Now, let’s enhance the predictive maintenance reference architecture to reach predictive quality, which is the goal of any smart factory.
Predictive quality analytics extract actionable insights from industrial data sources such as manufacturing equipment, environmental conditions, and human observations. The goal of predictive quality analytics is to determine actions such as adjusting machine settings or using different sources of raw materials that will improve the quality of the factory output. Using AWS IoT, industrial manufacturers can build predictive quality models which help them build better products. Higher quality products increase customer satisfaction and reduce product recalls.
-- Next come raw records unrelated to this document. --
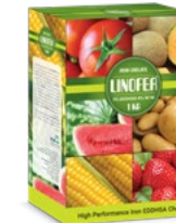
Fe-EDDHSA 6% 0 - 0 1.5%
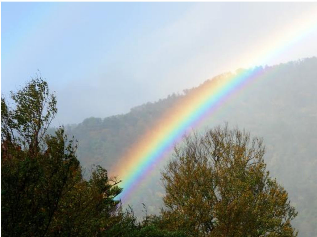
聖なる山に虹が出る

石鎚山(いしづちさん 1,982 m)は、四国山地西部の四国、および西日本の最高峰である。愛媛県西条市と久万高原町の境界に位置する。石鉄山、石鉄山、石土山、石槌山とも表記され、「伊予の高嶺」とも呼ばれる。『日本霊異記』には「石槌山」と記され、延喜式の神名帳(延喜式神名帳)では「石鉄神社」と記されている。山岳信仰(修験道)の山として、また日本百名山かつ日本七霊山のひとつともされ、「霊峰石鎚山」とも呼ばれる。正確には、最高峰に位置する天狗岳(1,982 m)・石鎚神社山頂社のある弥山(みせん 1,974 m)・南尖峰(なんせんぼう 1,982 m)の一連の総体山を石鎚山と呼び、古くから山岳信仰の山とされ、奈良時代には修行道場として知れ渡った。その後も山岳仏教や修験道の発達に伴い、信仰の拠点として現在までその地位にある。[ちなみに日本七霊山の残る六峰は、富士山、立山、白山、大峰山、釈迦ヶ岳、大山です]
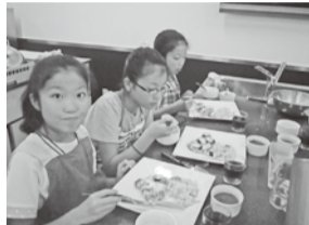
お腹ペコペコなんです
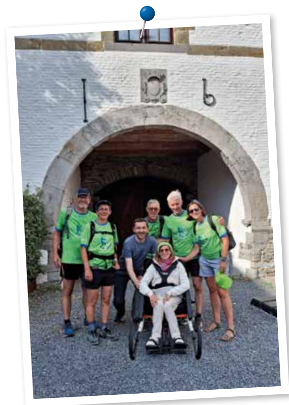
Sourires et souvenirs gravés.
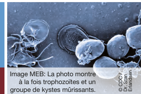
Image MEB: La photo montre à la fois trophozoïtes et un groupe de kystes mûrissants.

Extrait révisé du Guide de recommandations ESCCAP no. 6 pour la Suisse: «Lutte contre les protozoaires intestinaux du chien et du chat»
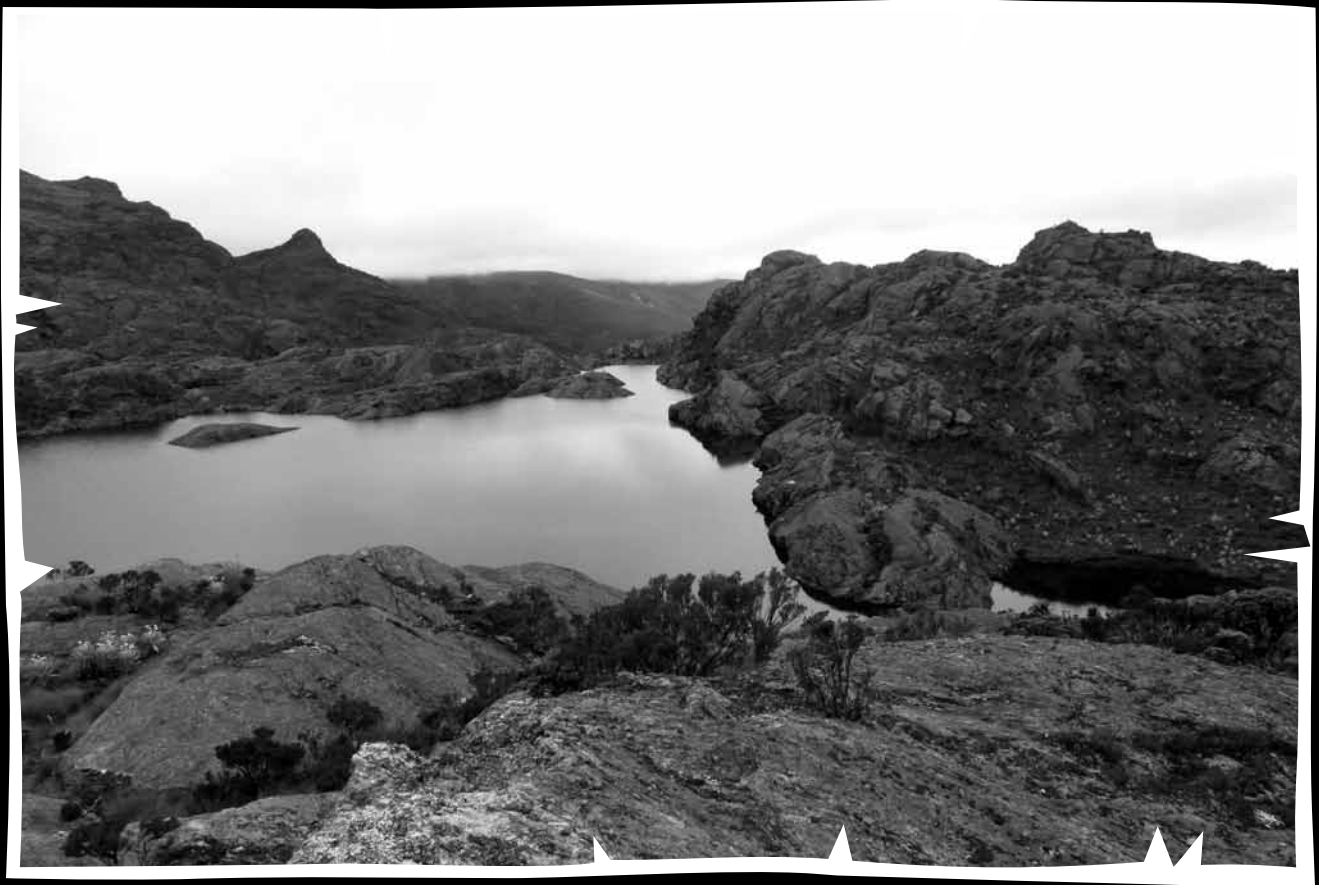
Laguna La Pintada. Es una de las tantas lagunas que se forman por la absorción de la humedad presente en el ambiente, la llamada lluvia horizontal. De ella dicen que sólo se deja ver de algunas personas, variando su color entre el ocre, el verde o el azul profundo. Vetas (Santander), agosto de 2011.
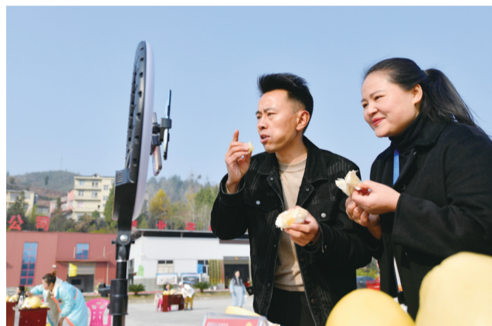
12月12日,网络主播在恩恩县沙道沟镇杆杆村参加贡水白柚线上直播销售擂台赛。当地邀请网络主播举办线上直播销售擂台赛,助力贡水白柚外销。

张伯礼:国务院联防联控机制“新十条”的发布,让有乡愁的人们有了回家过年的盼头。团圆是中国人对春节最大的期盼,将心比心,将疫情防控工作与暖心服务更好地结合起来,也是我国疫情防控政策优化调整的方向。在疫情新形势下,相信疫情防控部门和各地政府也都未雨绸缪,因地制宜制定返乡政策,今年大概率是个团圆年。但春运人员迁徙传播风险较高,相关准备工作仍需加强,个人防护意识和措施切不可放松。

The recommended reference architecture for predictive quality, not only monitors the state of the industrial equipment (asset condition monitoring) and predicts failures (predictive maintenance), but also monitors the quality of the manufactured product during all the steps of the production line, by adding computer vision and machine learning as you can see in the following picture:
Figure 7 – AWS IoT Industrial Reference Architecture for Predictive Quality
In this new architecture we add the following elements:
- Computer Vision to capture via images and/or videos the product in each of the phases. In this architecture,
- Thanks to AWS IoT Greengrass you can connect to any simple camera, perform the required protocol translation, and transform that camera in a smart camera by running machine learning inference at edge.
- Initially, enough images and/or videos have been uploaded to the cloud and stored in S3, to be able to train a vision machine learning model appropriate to your product. This model will do the detection of faulty products automatically.
- Once the machine learning model is trained, we can deploy this model in AWS IoT Greengrass, and run machine learning inference locally, so even if you lose connectivity to internet, you will be still able to do the inference and asses the quality locally.
When industrial companies get started building IoT applications, they are often concerned about onboarding legacy equipment. data and device security, unexpected downtime, and getting valuable insight from collected data.
AWS IoT provides “plug and play” capabilities to connect with existing equipment, no matter what manufacturer, extract data from devices and control them in a secure way and finally to get the needed insights with all this data.
In this blog we have reviewed the recommended AWS IoT services and architectures to do Asset Condition Monitoring, Predictive Maintenance, and Predictive Quality to enable you to easily digitize your industry.